══ Data provided

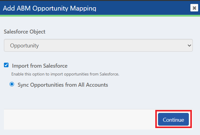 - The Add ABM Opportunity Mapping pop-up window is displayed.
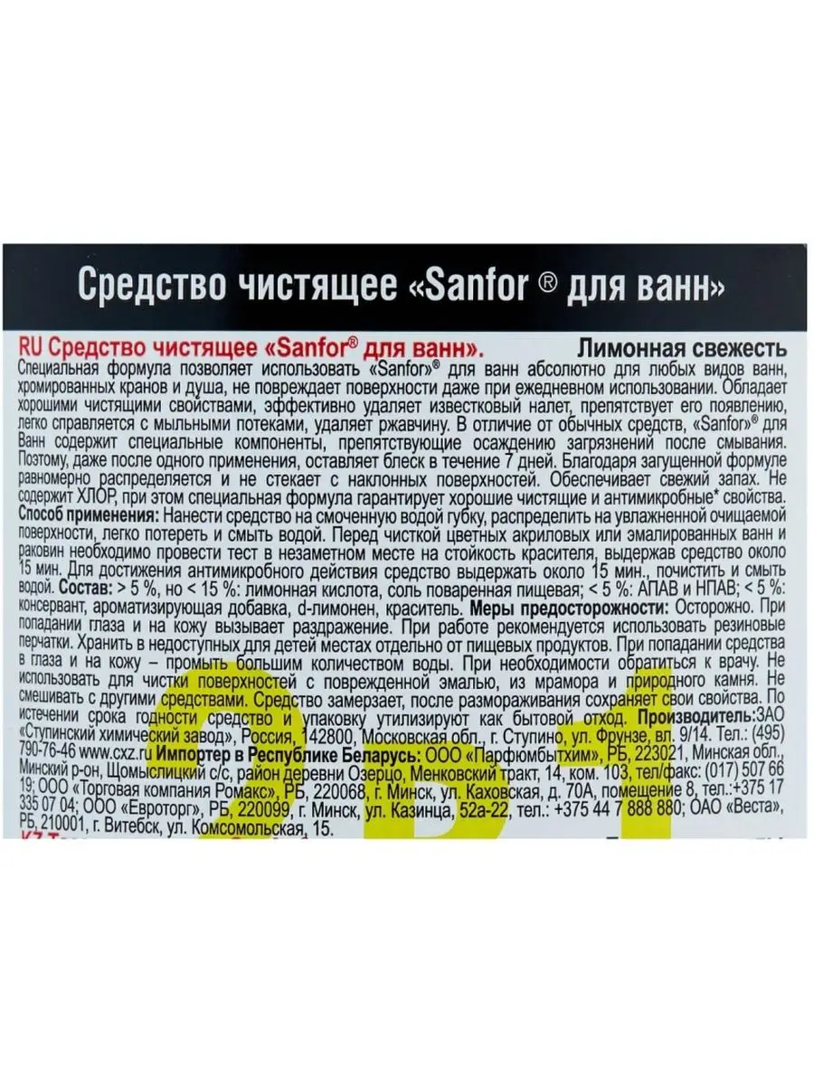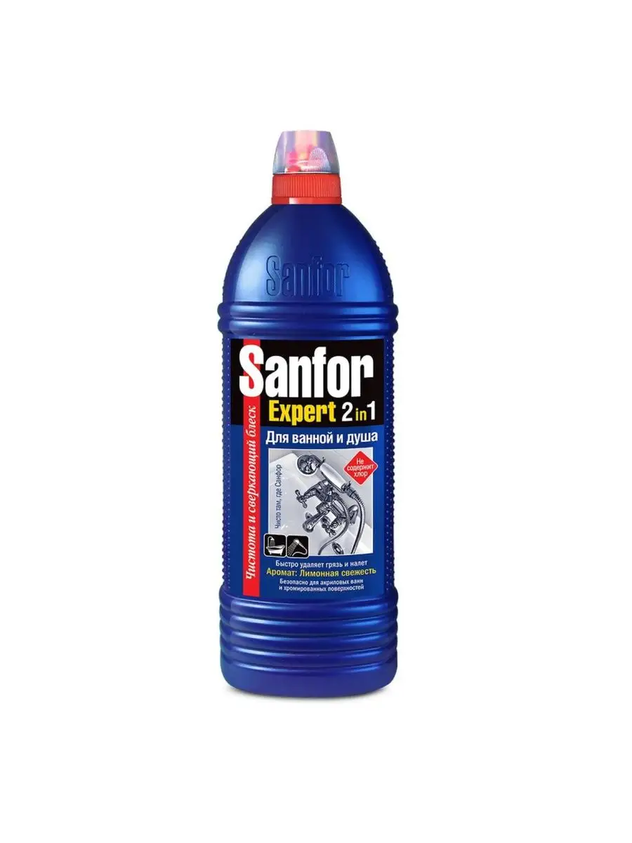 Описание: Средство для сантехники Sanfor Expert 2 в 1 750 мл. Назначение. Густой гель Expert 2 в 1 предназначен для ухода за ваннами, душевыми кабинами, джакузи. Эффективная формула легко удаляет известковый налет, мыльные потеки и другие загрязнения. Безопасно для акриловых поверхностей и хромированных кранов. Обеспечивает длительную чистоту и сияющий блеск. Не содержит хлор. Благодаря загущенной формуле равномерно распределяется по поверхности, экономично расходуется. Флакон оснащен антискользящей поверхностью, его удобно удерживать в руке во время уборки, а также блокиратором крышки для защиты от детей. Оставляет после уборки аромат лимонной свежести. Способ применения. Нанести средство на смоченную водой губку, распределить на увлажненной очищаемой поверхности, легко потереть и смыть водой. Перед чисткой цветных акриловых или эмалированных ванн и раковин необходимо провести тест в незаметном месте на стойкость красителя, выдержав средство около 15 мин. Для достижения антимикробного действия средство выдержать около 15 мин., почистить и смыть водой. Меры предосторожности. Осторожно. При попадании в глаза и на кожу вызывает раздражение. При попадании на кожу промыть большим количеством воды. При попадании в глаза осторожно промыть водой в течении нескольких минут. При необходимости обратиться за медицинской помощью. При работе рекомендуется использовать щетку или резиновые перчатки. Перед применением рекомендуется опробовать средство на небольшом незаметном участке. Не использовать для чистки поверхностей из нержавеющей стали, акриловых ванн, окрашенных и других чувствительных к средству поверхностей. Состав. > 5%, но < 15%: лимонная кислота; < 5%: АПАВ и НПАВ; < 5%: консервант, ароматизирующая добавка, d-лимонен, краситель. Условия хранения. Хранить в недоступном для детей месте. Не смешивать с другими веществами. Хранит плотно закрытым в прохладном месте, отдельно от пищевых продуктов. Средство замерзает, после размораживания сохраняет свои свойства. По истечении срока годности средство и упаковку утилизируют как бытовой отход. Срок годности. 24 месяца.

════
══ Data provided

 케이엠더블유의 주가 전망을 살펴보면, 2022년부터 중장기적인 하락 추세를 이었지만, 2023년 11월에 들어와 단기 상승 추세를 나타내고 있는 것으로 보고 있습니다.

════

• **What you need to do**:
Copy nothing but the lines above from the one with "- The Add ABM" to the one with "Описание: Средство для", inclusive, word for word. Leave every picture out.

• **Answer space**:
 - The Add ABM Opportunity Mapping pop-up window is displayed.
 Описание: Средство для сантехники Sanfor Expert 2 в 1 750 мл. Назначение. Густой гель Expert 2 в 1 предназначен для ухода за ваннами, душевыми кабинами, джакузи. Эффективная формула легко удаляет известковый налет, мыльные потеки и другие загрязнения. Безопасно для акриловых поверхностей и хромированных кранов. Обеспечивает длительную чистоту и сияющий блеск. Не содержит хлор. Благодаря загущенной формуле равномерно распределяется по поверхности, экономично расходуется. Флакон оснащен антискользящей поверхностью, его удобно удерживать в руке во время уборки, а также блокиратором крышки для защиты от детей. Оставляет после уборки аромат лимонной свежести. Способ применения. Нанести средство на смоченную водой губку, распределить на увлажненной очищаемой поверхности, легко потереть и смыть водой. Перед чисткой цветных акриловых или эмалированных ванн и раковин необходимо провести тест в незаметном месте на стойкость красителя, выдержав средство около 15 мин. Для достижения антимикробного действия средство выдержать около 15 мин., почистить и смыть водой. Меры предосторожности. Осторожно. При попадании в глаза и на кожу вызывает раздражение. При попадании на кожу промыть большим количеством воды. При попадании в глаза осторожно промыть водой в течении нескольких минут. При необходимости обратиться за медицинской помощью. При работе рекомендуется использовать щетку или резиновые перчатки. Перед применением рекомендуется опробовать средство на небольшом незаметном участке. Не использовать для чистки поверхностей из нержавеющей стали, акриловых ванн, окрашенных и других чувствительных к средству поверхностей. Состав. > 5%, но < 15%: лимонная кислота; < 5%: АПАВ и НПАВ; < 5%: консервант, ароматизирующая добавка, d-лимонен, краситель. Условия хранения. Хранить в недоступном для детей месте. Не смешивать с другими веществами. Хранит плотно закрытым в прохладном месте, отдельно от пищевых продуктов. Средство замерзает, после размораживания сохраняет свои свойства. По истечении срока годности средство и упаковку утилизируют как бытовой отход. Срок годности. 24 месяца.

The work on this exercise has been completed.